EVERY TIME I EAT RICE AND OR POTATOES OR EVEN OLD FASHIN OATS IN WATER, IT TASTES SWEET, so does this mean i might not be getting in enough carbs? im on a helios diet, and have been for ever, in one form or another, but EVERY single time i take in carbs they taste sweet, wether it be plain ol rolled oats in water, rice, any sort of potatoe etc... im just wondering if for some reason my body is holding onto the carbs like it is starving because hey maybe i might need more carbs? im taking in around 275 gr per day....and thats all i can say since it is a helio diet...

id ask sponge, but NO WAY am i doing something that stupid durring a time of durress such as he is currently going thru, NO WAY!

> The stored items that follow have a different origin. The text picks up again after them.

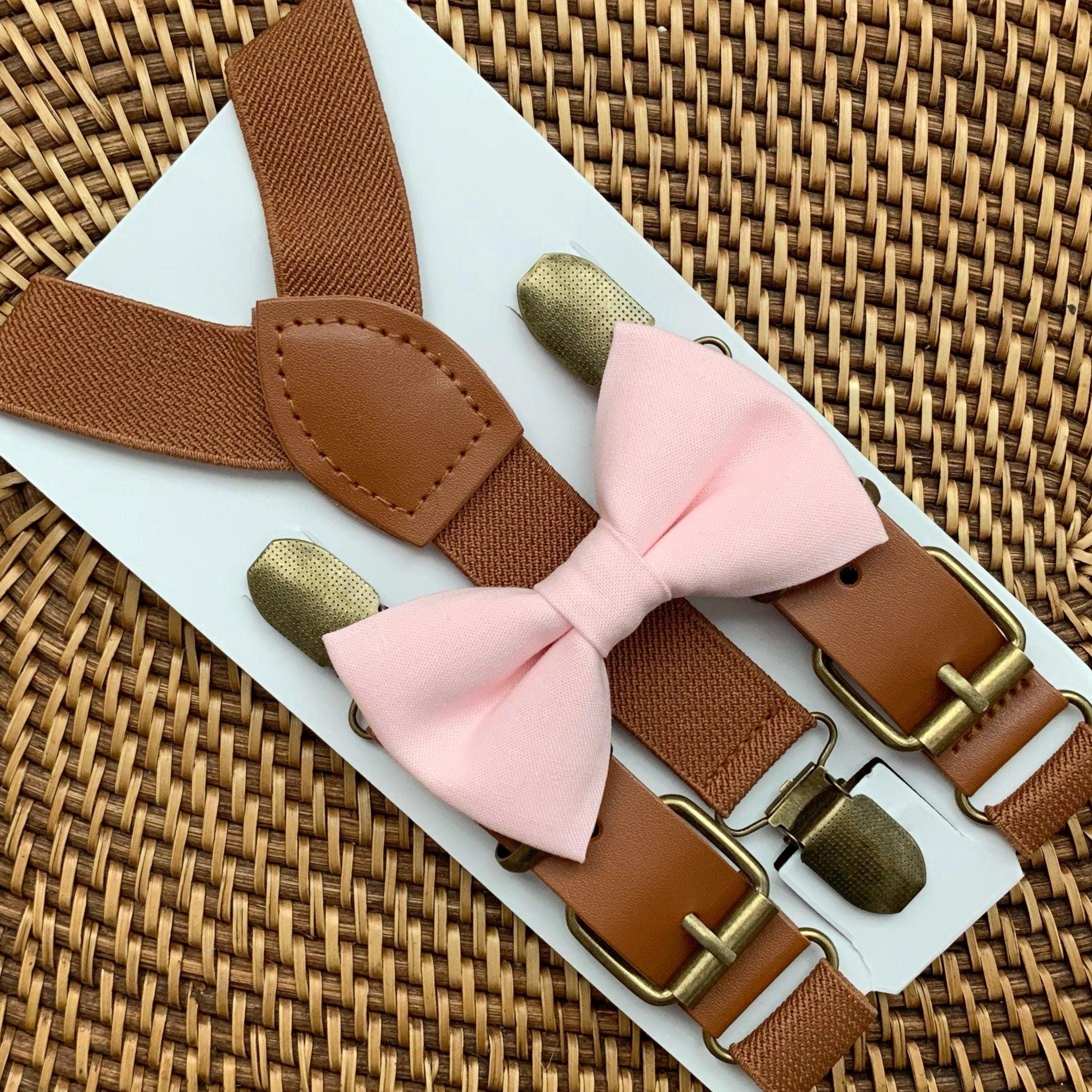 Blush Bow Tie & Brown Suspenders **A favorite pick for groomsmen and ring bearers!💕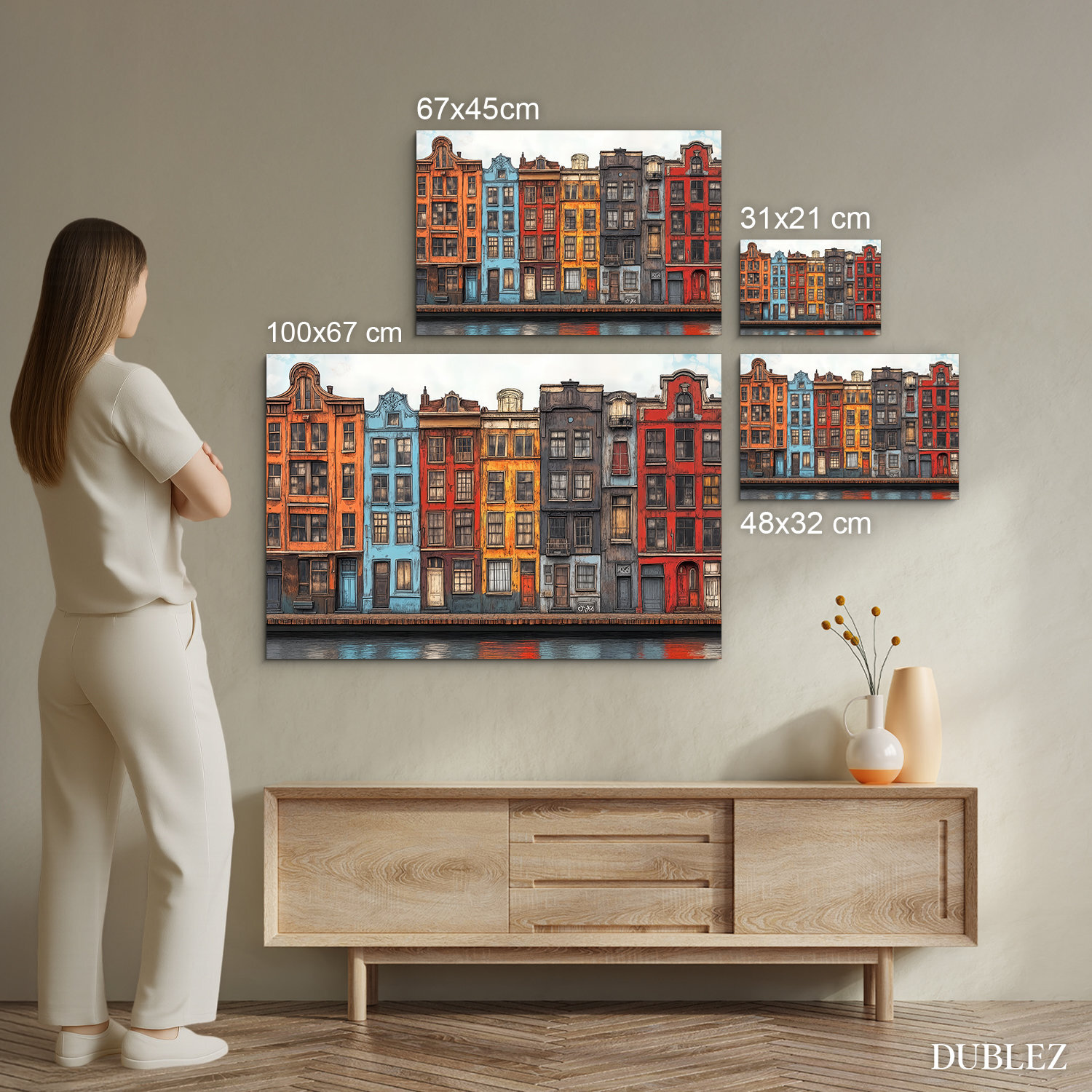 Wooden picture of Amsterdam with colorful houses by the canal will bring the atmosphere of the historical center of the Netherlands into your interior. Vibrant facades of iconic "canal houses", reflecting on the water's surface, appear playful yet elegant. UV printing on wood faithfully captures the details of the architecture, the texture of the walls, and the subtle reflections in the water, making the picture resemble a hand-painted piece. It fits perfectly in a living room, office, or study.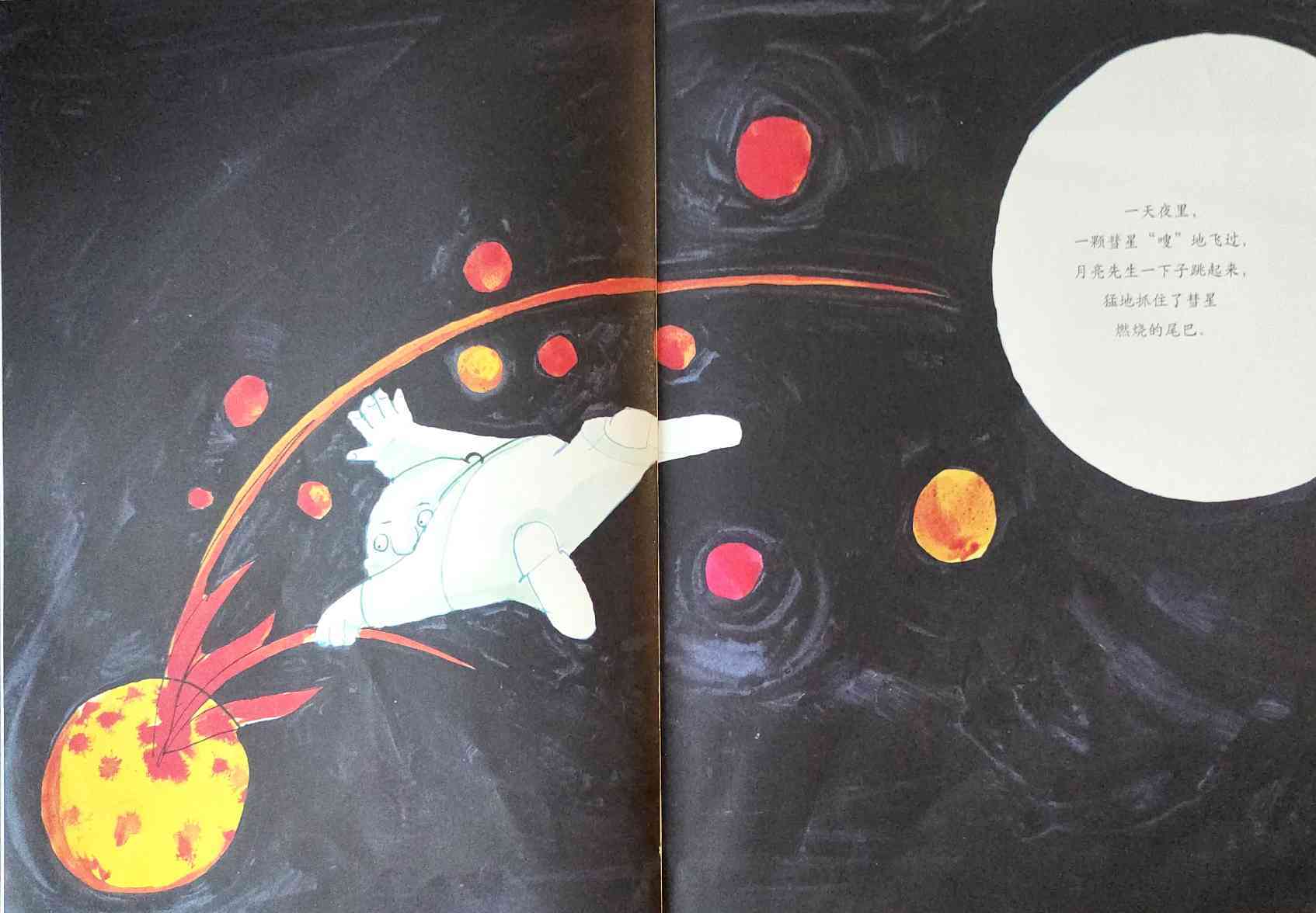住在天上的月亮先生看到地球上的人们快乐多彩的生活,非常羡慕,终于,一个偶然的机会,他抓着彗星的尾巴来到了地球,于是,开始了一次曲折的冒险……跟随绘本大师汤米・温格尔一起,在故事中学习知识,在故事中学会接纳别人。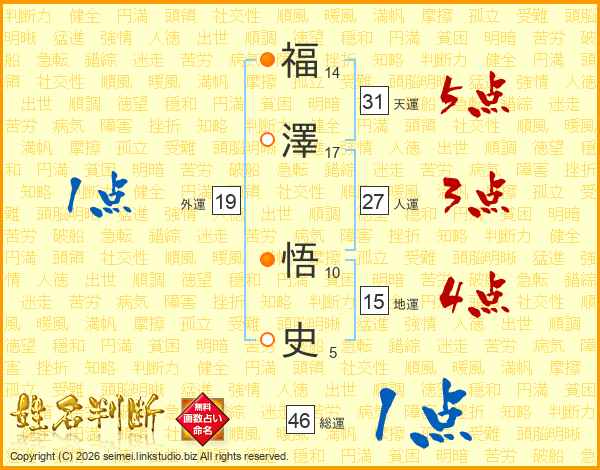 福澤悟史さんの総運は46画の1点!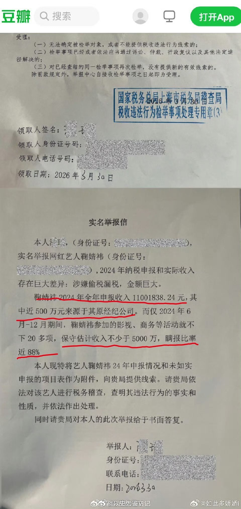 税务部门回应鞠婧祎被举报偷漏税鞠婧祎被实名举报偷税漏税 笑死了,明星粉丝还说要查经纪公司,说明星的收入都是从经纪公司走的,说明公司也有问题……

so i turn to the bros and sis's of the ugbb, whats ur take on it, might i need more carbs then what we first thought?

thanks
j20


----------



## DocDePanda187123 (Mar 10, 2014)

J20 said:


> so im reading performance nutrition by thigpen and mcvey, im in the carb section in chap 2 and it states this:
> 
> we have enzymes present in our mouths
> called amylases that break the bonds
> ...



No it doesn't necessarily mean you're lacking the enzymes nor lacking carbs. This isnt meant to be used as a metric or gauge intake. 275g is plenty of carbs. Your body doesn't need them at all since they're not an essential nutrient. The text you quoted is also highly subjective, what's sweet to you may not be sweet to others. If you're on a Spongy diet then I'm sure you're all good to go. It's not like you're too high or too low with carbs. 275g is a pretty moderate intake.


----------



## PillarofBalance (Mar 10, 2014)

Everyone can taste things such as salty sweet bitter etc at different parts per million. You are just sensitive to sweet.


----------



## j2048b (Mar 10, 2014)

Ok cool thanks doc and POB, appreciate it guys!


----------



## meat (Mar 10, 2014)

J20 said:


> so im reading performance nutrition by thigpen and mcvey, im in the carb section in chap 2 and it states this:
> 
> we have enzymes present in our mouths
> called amylases that break the bonds
> ...



Hey bro, every time I slipped into ketosis (by accident, not on purpose), I had the SAME thing happen to me. Do you have any keto strips?


----------



## j2048b (Mar 10, 2014)

meat said:


> Hey bro, every time I slipped into ketosis (by accident, not on purpose), I had the SAME thing happen to me. Do you have any keto strips?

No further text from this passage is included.